Hubungan Jisoo dengan Sunhee selama ini cukup akrab. Selama menemani Nyonya Laura, mereka sering berinteraksi, bercanda, dan bermain bersama, terutama saat Nyonya Laura beristirahat. Namun, kehadiran Noah kali ini menimbulkan rasa aneh yang tak bisa dia abaikan. Noah adalah saksi bisu insiden yang melibatkan dirinya dan Taeyong—sebuah insiden yang terus menghantuinya. Setiap kali melihat Noah, dia teringat pada ciuman yang tak diinginkannya, ciuman yang mengoyak martabatnya di depan saksi mata yang diam, Noah.

“Nona, Anda tidak perlu repot-repot datang,” kata Jisoo dengan suara pelan. Nadanya lembut, penuh rasa syukur, tapi juga sarat dengan ketegangan yang berusaha dia sembunyikan. Senyum yang dia berikan terasa pudar, seolah-olah hanya sebuah kedok untuk menutupi kepanikan yang terus menghantui dirinya.

Noah berdiri di dekat pintu, tatapannya lembut namun penuh pengamatan. Dia memberikan senyum tipis dan mengangguk kecil, sebuah isyarat penghormatan yang sopan. “Sunhee bersikeras ingin menjengukmu begitu mendengar kau sakit,” ucapnya dengan tenang. Nada suaranya terdengar netral, tapi cara dia memandang Jisoo mengisyaratkan lebih dari itu—ada perhatian mendalam di sana, seperti dia sedang mencari jawaban yang belum terungkap.

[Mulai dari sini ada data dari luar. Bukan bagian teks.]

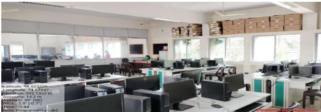
PROGRAMMING LAB 2

Sementara itu, Sunhee, dengan energinya yang khas, duduk di tepi tempat tidur Jisoo, menatapnya dengan kekhawatiran yang tidak bisa dia sembunyikan. “Kau merawatku saat aku sakit, Nona Baek. Sekarang giliranku untuk merawatmu,” ujarnya dengan nada manja, bibirnya mengerucut seperti anak kecil yang ingin merajuk. Ada kehangatan dalam sikapnya, tapi juga keinginan kuat untuk membalas kebaikan Jisoo dengan caranya sendiri.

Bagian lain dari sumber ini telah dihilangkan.